Interview: Spun Out’s Paul Campbell on Season 2 and beyond

Paul Campbell hates feeling like the lazy dude among his friends. That’s why the Vancouver native, while chatting about Season 2 of Spun Out last November, had several other projects on the go. (One of those projects, Beyond Repair, came to fruition.) At the time we spoke, Campbell was in the middle of shooting Spun Out and reflected on the changes behind the scenes at CTV’s original comedy, including dropping the live audience.

What was your initial reaction when you found out Season 2 would be shot without a live audience?
Paul Campbell: Initially, I was super bummed. I didn’t really know what it would mean for the show. The Friday night live shows were such a unique experience. The reason I thought we were doing multi-cam was to get to that live show. But a friend of mine [Cobie Smulders] was on How I Met Your Mother for years and that’s how they shot that. I did go and hang out on set and saw how they did it, so in the back of my mind I thought, ‘Well, other shows do this, so there must be a reason.’

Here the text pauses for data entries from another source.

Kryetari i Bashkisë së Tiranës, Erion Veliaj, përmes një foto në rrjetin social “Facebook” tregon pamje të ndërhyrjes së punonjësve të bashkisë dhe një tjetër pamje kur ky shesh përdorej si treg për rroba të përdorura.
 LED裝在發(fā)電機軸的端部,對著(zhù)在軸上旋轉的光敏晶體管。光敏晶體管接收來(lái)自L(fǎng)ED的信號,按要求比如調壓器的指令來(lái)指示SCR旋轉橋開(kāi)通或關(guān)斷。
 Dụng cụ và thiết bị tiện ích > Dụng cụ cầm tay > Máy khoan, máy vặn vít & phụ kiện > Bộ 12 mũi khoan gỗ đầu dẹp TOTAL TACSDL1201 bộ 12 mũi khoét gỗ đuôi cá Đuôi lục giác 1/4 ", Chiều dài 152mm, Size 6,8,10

To be honest, I prefer shooting without the audience. There is much more freedom in the sense that we have the opportunity to really hone each joke. With the audience, I always felt like we couldn’t explore the laughs because they’d already heard the joke a few times. Now we can do a sixth or seventh pass on them. In that sense, the exploration is a bigger part of it than it was.

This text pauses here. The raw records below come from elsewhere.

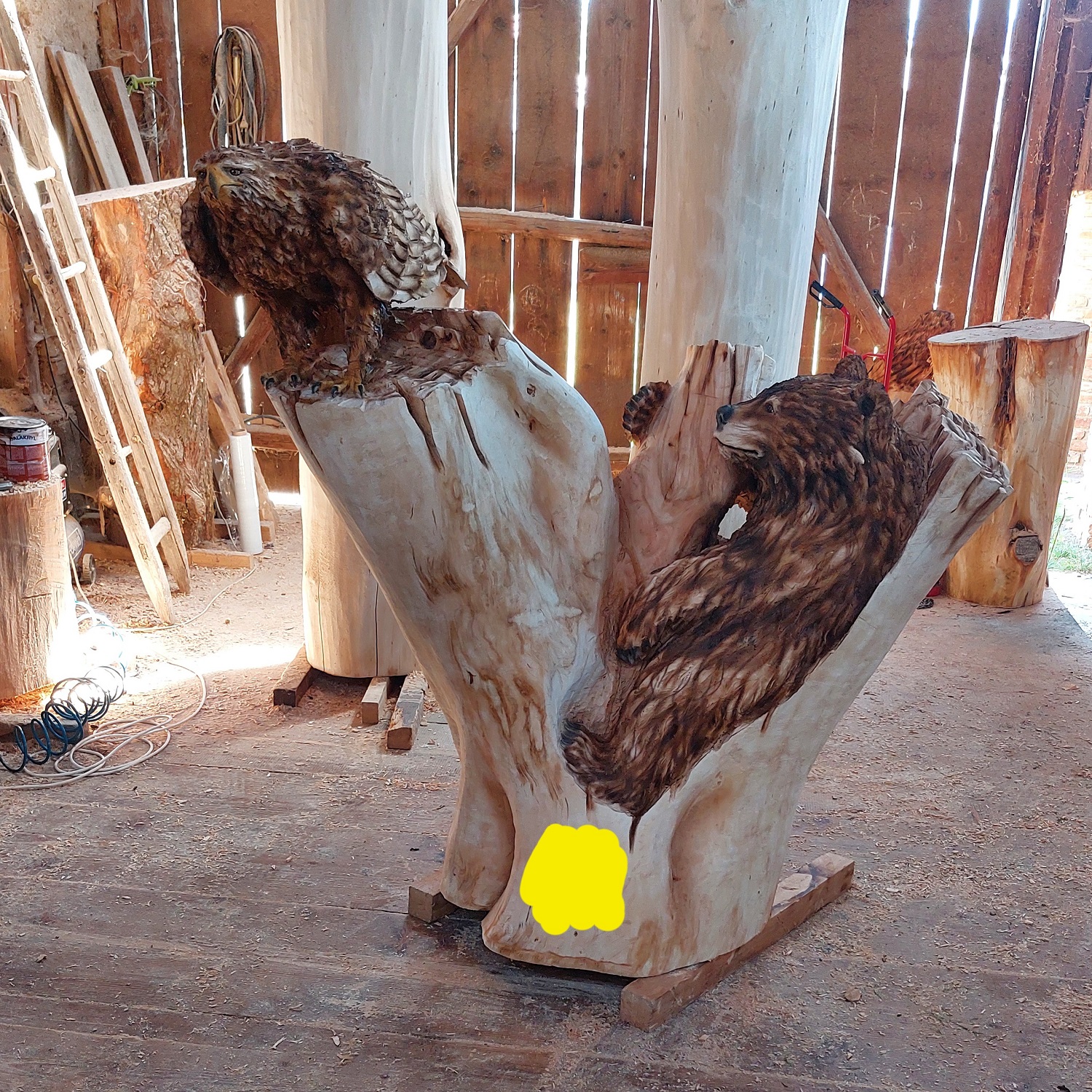 Medvěd je ztvárněn s důrazem na jeho mohutnou stavbu těla, výraznou hlavu a detailně propracovanou strukturu srsti. Jeho postoj působí klidně, ale zároveň silně a sebejistě. Orel je zachycen s roztaženými nebo přirozeně složenými křídly, s ostrým zobákem a pronikavým pohledem. Jemně vyřezávané peří dodává celé postavě lehkost a dynamiku.
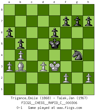 Last move : 0-1 2025 April 23 3:44:46 [Event "FICGS__CHESS__RAPID_C__000306"] [Site "FICGS"] [Date "2025.01.21"] [Round "1"] [White "Trigance,Emile"] [Black "Talek,Jan"] [Result "0-1"] [WhiteElo "1868"] [BlackElo "1967"] 1.e4 e6 2.d4 d5 3.Nd2 c5 4.exd5 Qxd5 5.Ngf3 cxd4 6.Bc4 Qd6 7.O-O Nf6 8.Nb3 Nc6 9.Nbxd4 Nxd4 10.Qxd4 Qxd4 11.Nxd4 Bc5 12.Nb5 O-O 13.Bf4 Bd7 14.Rad1 Bc6 15.Nc3 a6 16.a3 Rfe8 17.b4 Be7 18.Bd6 Rac8 19.Bxe7 Rxe7 20.Bb3 Bxg2 21.Kxg2 Rxc3 22.Rd8+ Re8 23.Rfd1 Kf8 24.Rxe8+ Kxe8 25.Ba4+ b5 26.Bb3 Ke7 27.Rd3 Rxd3 28.cxd3 Kd6 29.Kf3 Ke5 30.Ke3 Ng4+ 0-1 This chess game has been lost on time (started : 2025.01.21 12:58:40) Follow this game move after move (download)There are two types of sacrifices: correct ones and mine. (Mikhail Tal) Im Schach nämlich geht es darum, daß Ich des Gegners klein zu kriegen, sein Ego zu zerbrechen und zu zermahlen, seine Selbstachtung zu zertreten und zu verscharren und seine ganze mißachtenswerte sogenannte Persönlichkeit ein für alle Mal tot zu hacken und zu zerstampfen und dadurch die menschliche Gesellschaft von einer stinkenden Pestbeule zu befreien. Es ist ein königliches Spiel. (Robert James Fischer) La enorme capacidad mental, en la que sin ella no puede un jugador de Ajedrez existir, es demasiado requerida por el Ajedrez al grado de que nunca podrá liberar su mente de este juego. (Albert Einstein) La vérité est comme le meilleur coup aux échecs : elle existe, mais il faut la chercher. (Arturo Perez-Reverte) When you've done things right people won't know you've done anything at all. (Futurama)
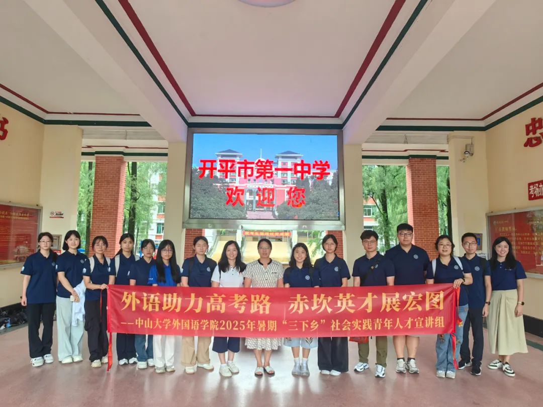 近日,中山大學(xué)外國語學(xué)院暑期公益實踐團(tuán)一行32人赴赤坎鎮(zhèn),開展“三下鄉(xiāng)” 社會實踐暨 “百千萬工程” 突擊隊行動。實踐團(tuán)分為三個小分隊,分別圍繞助學(xué)宣講、文旅調(diào)研、鄉(xiāng)村教育三大領(lǐng)域開展活動,為赤坎鎮(zhèn)教育提質(zhì)、社區(qū)服務(wù)優(yōu)化和農(nóng)文旅融合發(fā)展注入青春力量。團(tuán)隊分3組行動,其中一分隊到開平市第一中學(xué),為即將邁入高三的學(xué)子送上“升學(xué)大禮包”。隊員們詳細(xì)介紹中山大學(xué)辦學(xué)特色、招生政策及資助體系,重點(diǎn)分享英語學(xué)科的解題思路與分析方法。結(jié)合自身備考經(jīng)歷,隊員們還講解了時間規(guī)劃、心態(tài)調(diào)節(jié)等實用經(jīng)驗?;迎h(huán)節(jié)中,同學(xué)們圍繞升學(xué)疑問積極提問,隊員們結(jié)合政策要求和親身經(jīng)歷耐心解答,現(xiàn)場氛圍熱烈溫馨,為高三學(xué)子增添了備考動力。

Let’s talk about Beckett. There was an on-again, off-again with Stephanie. Does that evolve in Season 2?
Absolutely. The relationship has always been fairly one-sided and there was a conversation early in Season 1 where Beckett copped to having some kind of feeling for her, but she established that she didn’t do work relationships, so that was it. In the final episode of the season he almost acted on his feelings.

For Season 2 that flame hasn’t gone away and over the course of the season they’re both dating different people but Stephanie begins to realize she can’t ignore the feelings she has for him and that comes to a head. What’s so fun is that you have this incredibly loaded relationship that has so much subtext. And that’s fun for the audience.

What was it like working with Russell Peters, when he played Nelson’s brother?
He brought his Russell Peters swagger to the set. He knows his comedy very well and brought something very different to the DLPR world. It’s great to have people come on to the show that know comedy and can bring their own character or enhance the character that was written.

Have you got some projects on the go that you’ll be writing and producing?
I’ve got several projects on the go right now and I’m hoping to be pitching them in the next few weeks. Things that could be on the air in Canada or the U.S. The development process is such a long process that to start now for something four years down the road makes complete sense. I’m so inspired by the creative community in Toronto, and when you see your friends doing their own stuff it’s really inspiring. You feel like the slacker if you’re not doing that.

Spun Out airs Tuesdays at 8 p.m. ET/PT on CTV.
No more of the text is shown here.